Is PUBLIC RELATIONS a Bad Word?

With so much newspeak in use for the term marketing communications, I am beginning to wonder is the term public relations is actually a “bad word.” Does it scare people off? Do people really know what public relations practitioners do? Do they care? Should they care?

Does strategic communications straddle the line between public relations and marketing? How about– integrated brand communications – closer still?

I’ve been thinking a lot about this lately and it occurs to me that a most people don’t know the difference between public relations and many other marketing terms we hear regularly. The interchangeability of terms used in today’s market is blurring the distinction, especially in the growing social media and blogging arenas.

Here is how I look at it, marketing equals sales strategy and support. Public relations equals positioning plus public relations plus professional writing plus media relations plus corporate communications plus events… virtually everything that comes between a company and its myriad audiences. Public relations then, is the integrator of the company, its brand and how that brand is communicated.

Public relations is the most credible communication vehicle to positively influence buyers and inform target constituents. It consistently provides the best return-on-investment of all communication methods. Public relations – or specifically, media relations in this example - is believable and highly credible because information is published in third party media and is written by journalists who research solid news to report. Now that is different from marketing in my book.

Back to my original question. Does the term public relations scare people off? Most people are frightened by things they don’t understand. Public relations is an unknown item, a scary term -- and scary is bad. So how do today’s public relations practitioners rectify this situation?

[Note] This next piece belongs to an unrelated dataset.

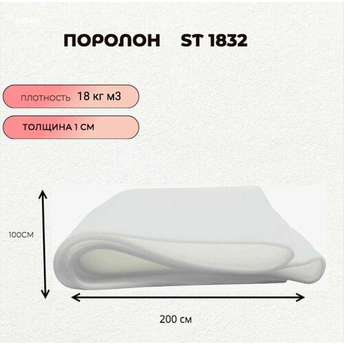 Поролон мебельный листовой ST 1832 100смx200смx10мм; пенополиуретан плотность 18 кг/м3

Well, as the phrase implies, practice. Put into practice the natural integration that effective public relations drives. Don’t be content with simply a seat at the table – bring a voice that integrates and coordinates all elements of a company’s strategic and tactical communication. Remember: public relations at its best, educates, informs and persuades. So practice, practice, practice.

Be informed - practice the art of researching pertinent information. Be articulate - practice the art of professional writing. Be knowledgeable -- know your many audiences, practice the art of good old-fashioned media relations and build effective relationships with all audiences. Be strategic – practice a strategic outlook and maintain a wholistic eye on your organization’s or client’s activities. Finally – recognize your strength. Effective public relations is integrated. It weighs all viewpoints, considers options and outcomes against long-term objectives and ensures the organization “speaks with one voice.”

Public relations alone is the natural integrator in any organization because it alone must weigh and carefully balance a company’s reputation, brand and perception across all audiences in order to move the “perception needle.”

Public relations then, is the conductor to the orchestra of a company’s total communications effort.